After reading About Kay Arthur Of Precept Ministries International the other day, a dear friend as well as a reader of Apprising Ministries for years sent the link to the well-reserached article I’ll reference at the end of this piece by G. Richard Fisher of the fine discernment ministry Personal Freedom Outreach.

You should know that my friend has “taken over 50 Precept Bible classes since 1992” and she has also “completed the 3 day training sessions to be qualified to be a leader.” Though she decided not to teach these Precept classes, she has “taught the Bible in women’s Bible studies in churches for over 17 years.”

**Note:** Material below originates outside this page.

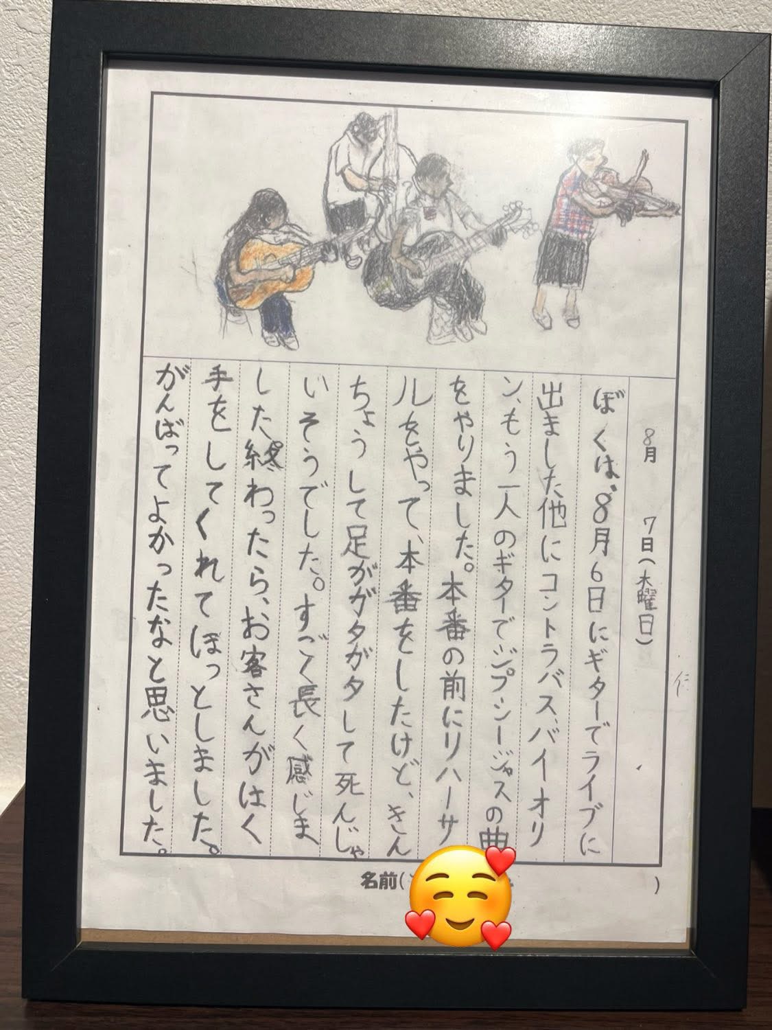 「夏休み日記帳」 投稿日 2025年8月30日 著者 admin カテゴリー 3~5歳 カテゴリー アンサンブル カテゴリー グループレッスン カテゴリー コントラバス カテゴリー コース カテゴリー ビオラ カテゴリー ピアノ カテゴリー ブログ カテゴリー ヴァイオリン カテゴリー 中学生~大学生 カテゴリー 中学生~大学生 Expert カテゴリー 大人 カテゴリー 小学生 カテゴリー 小学生 Expert カテゴリー 教室ブログ カテゴリー 管楽器 二学期が始まります~! まだまだ暑い毎日ですが夏休みの思い出がそれぞれの心に残っていることでしょう。 小2のC君は、ギターでとても貴重な経験が出来ました。 みかげサロンでもその成果を披露しましたが、ギターの巨匠チャボロさんが来日中にセッション出来るチャンスがあり、夜遅かったのですがお父さんに連れられて大阪のライブハウスにやって来ました。 そこで一緒に演奏できた幸せな時間はC君の一生の思い出に残る夢のような出来事だったと思います。 夏休みの日記帳に丁寧に書いてくれた絵が物語っていますね。

So I believe the testimony she shares next is worthy of your attention:

For the most part, Precepts offers a very solid method of Bible teaching/study.  But, Kay Arthur has suggested different teachings over the years that are very questionable, i.e., Neil Anderson’s – The Bondage Breaker, Experiencing God by Henry Blackaby, etc.

Having been with Southern Baptist Convention myself since 1988 I have personally been through that course of mystical mythology by Henry Blackaby, who has attained a near apostle-like status within the SBC. Basically, in my experience, when Blackaby speaks on spirituality it is accepted as if he’s on par with Scripture.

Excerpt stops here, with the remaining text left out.